I've been shooting over 20 years and qualified as an expert with peep sites in the Marine Corps but trying to put a single bullet in the kill zone of a deer is a little different.

I'm even interested in looking into a scope that goes to 10 or 12 power but like I said, I've hunted with a leupold 3X9 40mm all my life and it is a wonderful all around scope.


----------



## Hawk80 (Mar 21, 2012)

tjwareusmc; Thanks for the input! I know most of my shots will be between 50-150 yards but I know that the occasional long shot will be needed. My luck of course would be that every shot I'm given will be at 200+yds and I don't want to buy a scope and then realize that it can't magnify the animal large enough to give me a confident shot. Of course I will be at the range quite a bit between now and deer season but don't want to risk the money if it's not going to do the job that I need it to do. Thanks again.


----------



## T-REX (Mar 1, 2011)

*scope*

I have a 2.5x15x56 on my .270 I made a few long shots this season one @ 250yrds on a meadium bodied doe an I can tell you I used all of that 15 power I would say go with at least a 12 power!just my opinion though!


----------



## JoeZ (Sep 30, 2007)

I hunted hard on a power line this year and can guarantee you the deer will come out as far away as possible. They're jerks like that. 
I'm looking into something about 15x for my 270 and would recommend you stick with 9 or better if you have a possible 200+ yard shot.


----------



## PensacolaEd (Oct 3, 2007)

There are scopes that offer 2.8 - 10 power ranges, I have an older model that does and I have made shots as far as nearly 300 yards on 10 power.


----------



## Hawk80 (Mar 21, 2012)

I appreciate the input. Shows how little experience I have with scopes. Guess I'll be looking at least the 3-9x40's then.


----------



## Joraca (Dec 29, 2007)

Anybody that cant shoot 1 moa with a 4X rifle scope is a sissy!!

(sights in at 3X)

Joraca


----------



## bigbulls (Mar 12, 2008)

Using 7X magnification at 250 yards would be the equivalent of using iron sights at 35 yards. I'm sure this will offend every person on the forum but if you can't put a bullet in a deer's vitals at 250 yards with a 7 power scope then you can't shoot for shit. 

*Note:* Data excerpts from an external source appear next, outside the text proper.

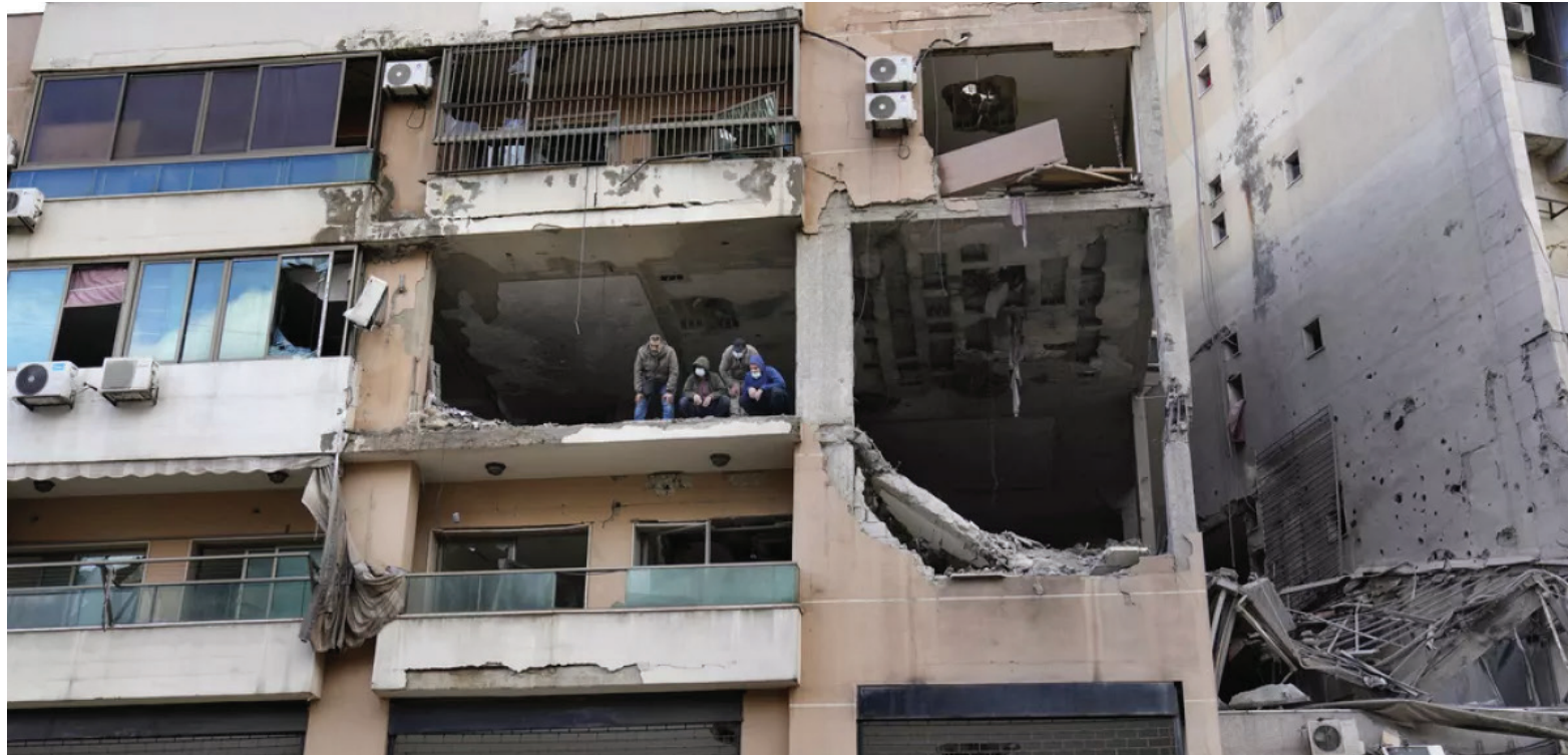
موقع مقتل صالح العاروري في الضاحية الجنوبية في بيروت

شيء نقوله الليلة هو أننا في حالة تركيز وبقوى اهتمامنا منصبا على قتال حماس".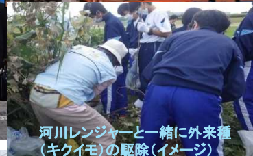
河川レンジャーと一緒に外来種(キクイモ)の駆除(イメージ)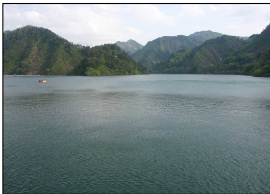
貯水位を下げ前の おおいし湖

これからの梅雨や台風シーズン等に備え、大雨により発生する洪水を貯め込むための容量(洪水調節容量)を確保しておくため、5月29日から6月15日にかけて、ダム貯水池(おおいし湖)の水位を約25m低下させます。これにより、新潟県庁約94杯分(1,750万m 3 )の容量を確保します。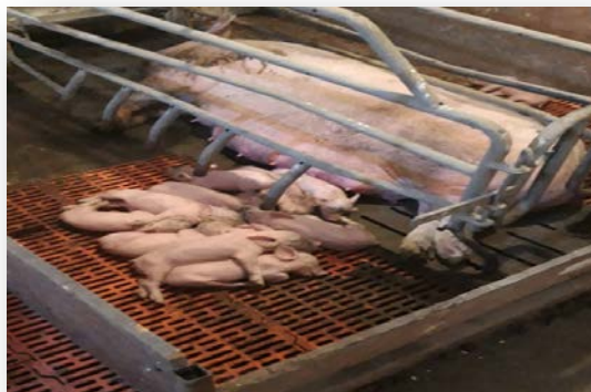
Slika 8. Dojna krmača s prascima

preko pojilice. Osim što ne zadovoljava potpunu potrebu za vodom, krmačino mlijeko je također siromašno elementom željeza, pa se prascima 3. dana života injekciono aplicira u potkožno tkivo makroelement željezo, zajedno sa neophodnim vitaminima. Nakon 21. dana života, muška prasada se radi daljnjeg usmjeravanja u tov kastrira.

Having said this Hawk, you will have a whole lot more choices in scopes in 3-9X__ than you will in 2-7X__.




Simply buying a scope with high magnification is far from an end all to rifle scopes. It can be more of a hindrance than a help in certain circumstances.

The higher you go in magnification the darker the image will be unless you opt to buy a scope with a larger objective lens. A larger objective lens forces you to mount the scope higher which forces you to lift your head in order to see through the scope which results in a less than perfect hold on the rifle, which can result in less than accurate shots.

The higher you go in magnification the smaller your field of view will be. Finding the animal in the scope becomes increasingly difficult with high magnification.

The higher you go in magnification the more you are going to spend on the scope, especially if you also opt for a larger objective lens to make up for some of the loss of light.

The higher you go in magnification the more it magnifies any little movement you make to the rifle... such as heart beat, shaking hands, unsteady rest, etc.... 

The higher you go in magnification the more effect mirage will have on hot days.




I never sacrifice having a low end magnification (meaning 2 or 3 power) in order to gain magnification on the high end. Spend your money in quality glass instead of magnification and larger lenses and you will be better off. With quality glass you won't have eye strain, the image will be brighter, crisper and clearer, colors will be truer, etc....


----------



## bcbz71 (Dec 22, 2008)

3-9x40 Leupold Vari-X II (or better), a range finder and a shopping cart full of ammo to practice would be my suggestion. Until you can knock the center out of a 4" bullseye at 200yds, I wouldn't pull the trigger on a live animal. 

200 yds or more is a LONG FREAKING shot at rest on a calm day...now add hair, hooves, wind, shooting from a stand with a two-point rest, excitement, etc....you get my point. Lots of internet sharpshooters shooting that far or farther, but few real-life folks do. 

If the majority of my shots were 200yds, I would move my stand closer to the trail.


----------



## drifterfisher (Oct 9, 2009)

I had a 4x16x40 Center Point on my 22LR..... 1" 10 shot groups at 100yds were doable with that rifle.Thats with still air.A buddy has a Red Field 4x16x40 on his 270 and off a bench I've seen 2" 3 shot groups at 400yds.Thats with him shooting hand loads,and he's a marine vet...
Me personally I want something strong enough to see bullet holes at what ever distance I'm shooting at.
You can't hit what you can't see. Good luck in your search,go out to gunshops and look through some of the scopes they offer and find one you can afford and like.BTW my CP was just as clear and bright as the RF,with a price difference of 70 bucks VS 350 bucks.


----------



## bama99 (Dec 20, 2009)

I pretty much agree with everything Bigbulls said. I don't have a lot of experience but have found most of what he said to be true. I had a budget of about $400 bucks for a scope to put on my Sako .243. I went with a Leupold VX-3 2.5-8 x 36 based on similar advise and love it. 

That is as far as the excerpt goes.